In a previous post, I demonstrate how to reshape a comma delimited file (CSV) using PowerShell. I noted that the results put all of the column values in double quotes:
"ID","Name","State"
"5","Stephanie","Arizona"
"4","Melanie","Oregon"
"2","Katie","Texas"
I used this code to produce this result:
cd c:\MyFolder
Import-Csv -Path SampleData.csv|Where {$_.Country -eq "USA"} `
| SELECT ID, Name, State `
|Sort-Object State `
|Export-Csv SampleDataSorted.csv `
-NoTypeInformation;
In this post, I remove the double quotes.
A Microsoft blog suggests one way to remove these double quotes. They suggest using the ConvertTo-CSV cmdlet rather than Export-CSV and doing a string replace of the double quotes with empty string (code from the article).
dir c:\fso -Filter *.csv | ? {$_.basename -like 'users?'} `
| Import-Csv `
| sort lname,fname `
| convertto-csv -NoTypeInformation `
| % { $_ -replace '"', ""} `
| out-file c:\fso\usersconsolidated.csv -fo -en ascii
I convert my command to:
cd c:\MyFolder
Import-Csv -Path SampleData.csv `
| Where {$_.Country -eq "USA"} `
| SELECT ID, Name, State `
| Sort-Object State `
| ConvertTo-CSV -NoTypeInformation `
| % {$_ -replace '"',""} `
| Out-File SampleDataSorted.csv -fo -en ascii
;
Import-Csv -Path SampleData.csv |
Read source csv |
Where {$_.Country -eq "USA"} |
Filter rows |
SELECT ID, Name, State |
Set output columns |
ConvertTo-CSV -NoTypeInformation |
Create CSV output |
% {$_ -replace '"',""} |
For each row, replace double quotes with empty string |
Out-File SampleDataSorted.csv -fo -en ascii |
Output to file |
This produces the results I expect.
ID,Name,State
5,Stephanie,Arizona
4,Melanie,Oregon
2,Katie,Texas
But here is the problem.

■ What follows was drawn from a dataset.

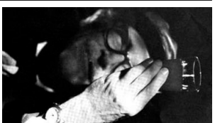
15 Mario Soldati fotografato durante i viaggi alla ricerca dei vini italiani genuini per realizzare il libro "Vino al Vino" - Anni '68 - '70 - '75
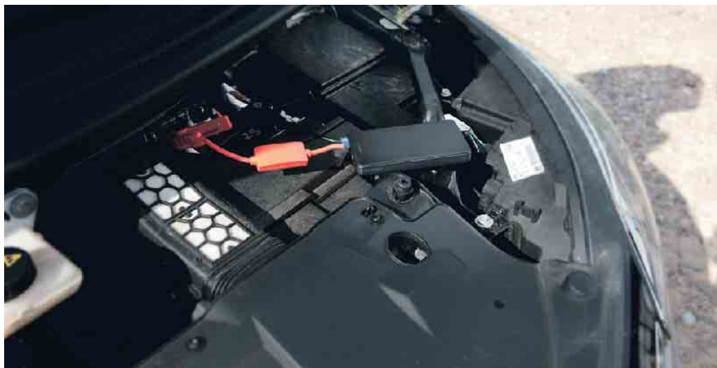
Akku-Booster in Aktion: Rote Polklemme an Plus, schwarze Polklemme an Minus, dann fließt der Strom.

Der Booster läuft mit zwölf Volt und kann mit Polklemmen an die schlappe Batterie des Autos angeschlossen werden, heißt es beim Automobilclub ACE. Dazu die rote Polklemme an Plus anklammern, die schwarze Polklemme an Minus und prüfen, ob die Klemmen richtig sitzen. Fünf Minuten warten und den Motor starten. Sobald der Motor läuft, den Booster so schnell wie möglich abklemmen. Das Starthilfegerät sollte unbedingt über einen Schutz vor Kurzschlüssen verfügen. Damit wird Schlimmeres verhindert, wenn sich beide Polzangen bei eingeschaltetem Booster berühren. Auch ein Verpolungsschutz kann im Zweifelsfall sehr hilfreich sein. Dadurch schaltet sich der Booster erst gar nicht ein, wenn die Polzangen des Starthilfegeräts versehentlich falsch angeklammert werden. Außerdem sollte beim Kauf dar-

ETL scenarios can be messy. CSV files frequently need the double quotes. When a column contains a comma, you need to put the quotes around the column value. For example a file like this is problematic.
ID,Name,State,Country
1,Russ,Sandys,Bermuda
3,Gail,Sandys,Bermuda
4,Melanie,Oregon,USA
5,Stephanie,Arizona,USA
6,"Katie, ""Scott"", Arianna",Texas,USA
I want to keep the quotes around the second column that last row.
Regular expressions to the rescue. The replace command can do regular expression replacement without any additional work. That isn’t to say that building the regular expression isn’t painful.
cd c:\MyFolder
Import-Csv -Path SampleData.csv `
| Where {$_.Country -eq "USA"} `
| SELECT ID, Name, State `
| Sort-Object State `
| ConvertTo-CSV -NoTypeInformation `
| % {$_ -replace `
'\G(?^|,)(("(?